The success of deep learning is attributed to large, high quality datasets such as ImageNet, and improvement in computing resources which helps in training much deeper models. There is a belief that improving the model architecture (depth, novel components etc) and training on larger datasets will help to learn better representations (evaluated by performance on downstream tasks). Many works following the success of AlexNet focused on desigining novel architectures whereas few works explored the other direction, i.e. how to increase the dataset size for representation learning. Since it is not feasible to employ human labor to create a massive, carefully annotated dataset, the idea is to use potentially noisy labels, for example, hashtags, image captions etc. which can be easily collected from the internet. Such labels provide weak signals compared to high quality labels provided by domain experts. Therefore, it is imperative to train with large weakly supervised dataset, which has its own challenges. We discuss below four works providing insights into different aspects of weakly supervised pre-training. The first work [3] shows that such pre-training indeed improves performance on downstream tasks. The second work [4] uses an even larger dataset with different type of weak supervision and provides some analysis. The third [5] and fourth [6] works are sort of followup works of the first and second respectively. We only do a qualitative discussion of results from these works because of varying experimental setup.

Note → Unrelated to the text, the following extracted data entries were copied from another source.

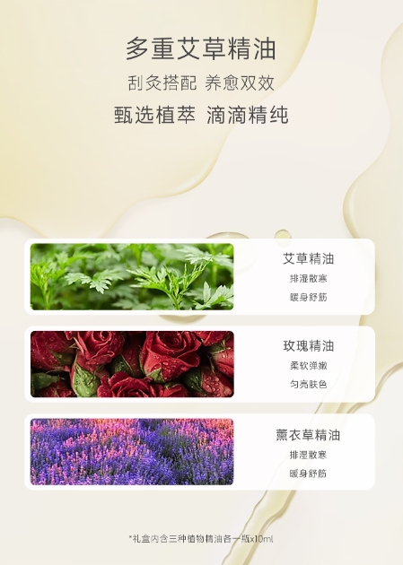 ◆搭配甄选植萃艾草、薰衣草、玫瑰3种精油,多倍好材量,刮灸搭配养愈双效深层呵护;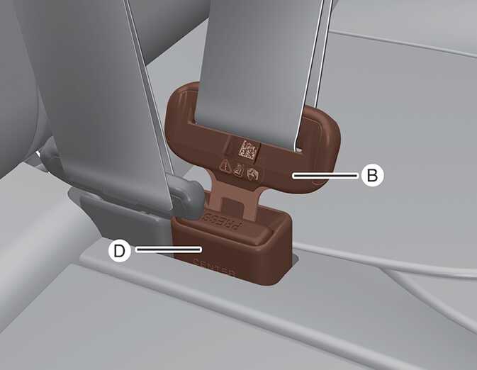 Pull the tongue plate (B) and insert the tongue plate (B) into the open end of the buckle (D) until an audible “click” is heard, indicating the latch is locked. Make sure the belt is not twisted.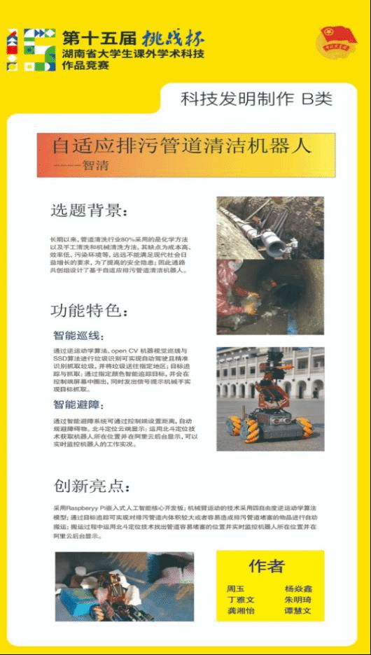 以挑战之名,逐青春之梦。5月22日,第十五届“挑战杯”湖南省大学生课外学术科技作品竞赛终审发布会在长沙理工大学云塘校区举行。我校在本届竞赛中荣获5个二等奖、4个三等奖,同时获得“优秀组织奖”。我院文跃兵老师指导的《智清——自适应排污管道清洁机器人》项目获二等奖。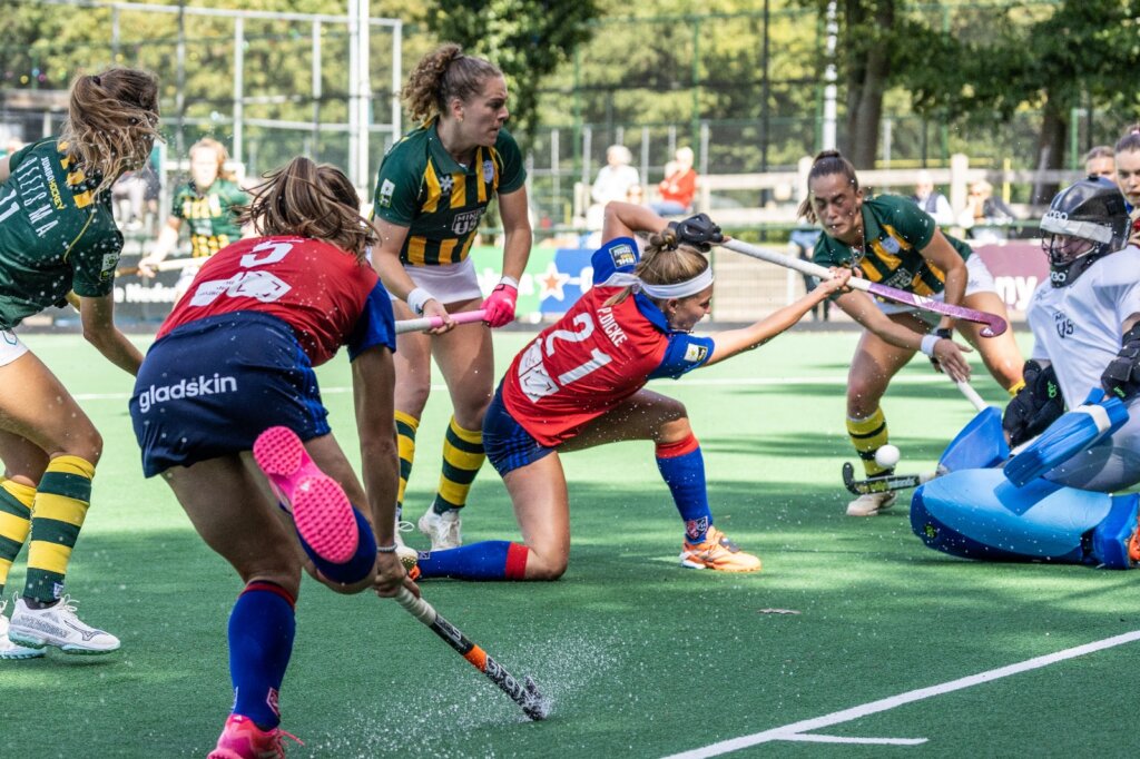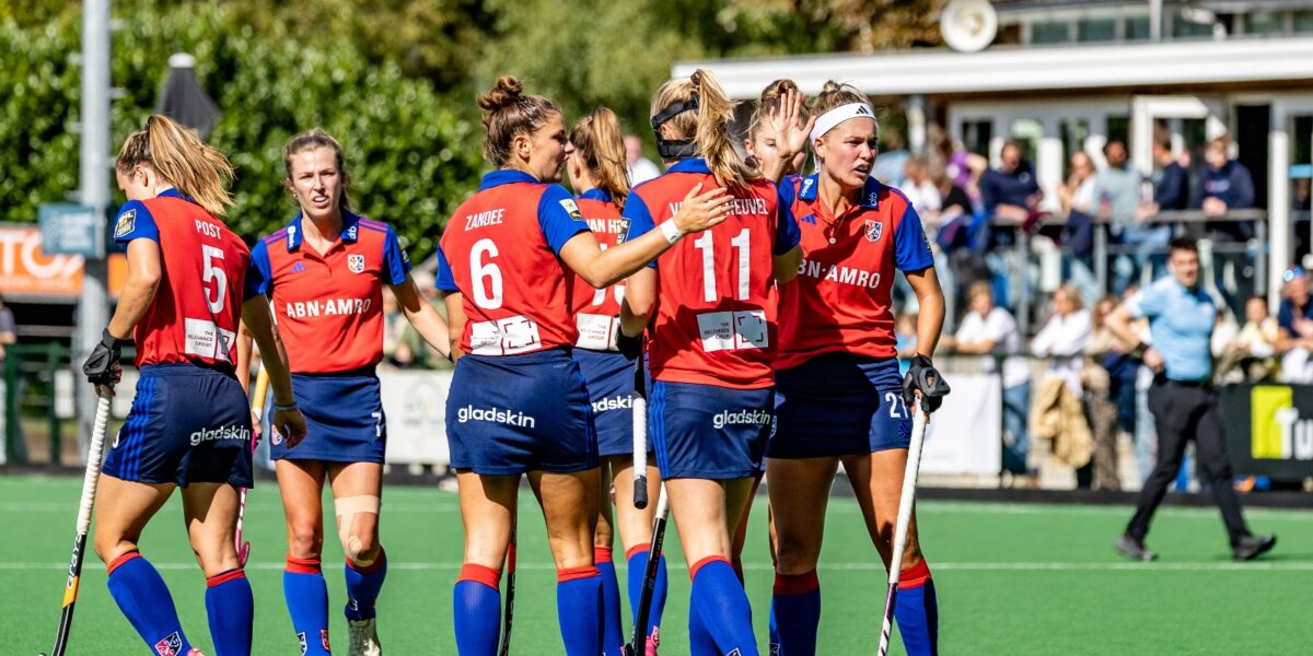 Bloemendaal pakte bij de rentree op het hoogste niveau meteen een punt tegen Pinoké. Na tien minuten openden de bezoekers de score via een rake strafcorner van Sam Luttmer. Een kleine handvol minuten daarna maakte Rosalie Rosman gelijk voor Bloemendaal dat in het tweede kwart op voorsprong kwam via Mijntje van Campen. Lana Kalse voorkwam met een doelpunt uit een rebound van een strafcorner dat Pinoké al op de eerste speeldag met lege handen zou komen te staan.
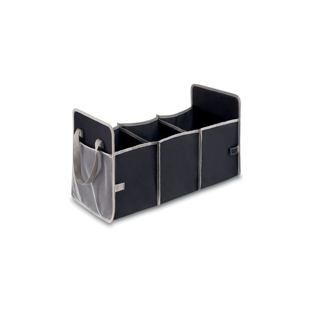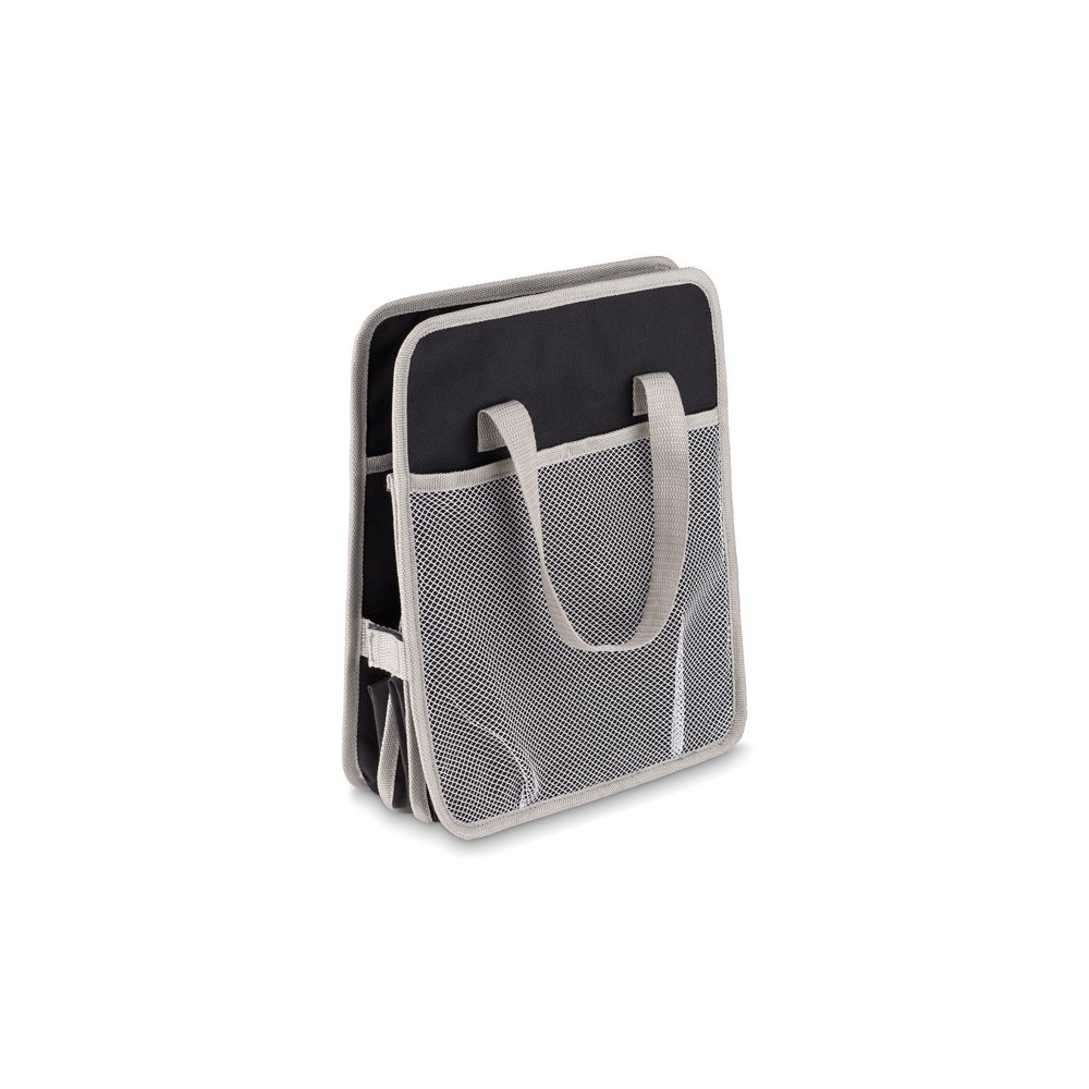 Składany organizer samochodowy z poliestru 600D, wyposażony w boczną kieszeń z siatki.

Revisiting the unreasonable effectiveness of data in deep learning era

The authors use JFT-300M dataset to pre-train a ResNet101 model and evaluate it on multiple downstream tasks such as object detection, semantic segmentation etc. JFT-300M dataset contains 300 million images derived from data which powers image search. There are 375 million labels from 18291 different categories, indicating that an image can belong to multiple categories. The label categories form a heirarchical relationship. For example, an image containing apple also belongs to fruit category. Unfortunately, we don’t know any other details about creation of this dataset except that the process was automated and used complex mixture of raw web signals, connections between web pages, and user feedback. It is mentioned that approximately 20% of the labels are noisy. Noisy labels can manifest in form of label confusion or random images labeled as one of the 18291 classes. Another challenge with collecting data in this manner is the skewness in resulting data distribution. JFT-300M has a heavy long-tailed distrubtion. Around 5K categories have less than 100 images per category whereas there are more than 2M images for flowers. Both the factors can lead to unstable pre-training, bias model towards frequent class and perform poorly on classes in the tail of data distribution. The experimental results show that pre-training improves performance on ImageNet classification, COCO object detection, Pascal VOC semantic segmentation and CMU pose estimation. This indicates that weakly supervised pre-training works despite significant label noise and long tailed data distribution. Interested readers can go through the published work for more details.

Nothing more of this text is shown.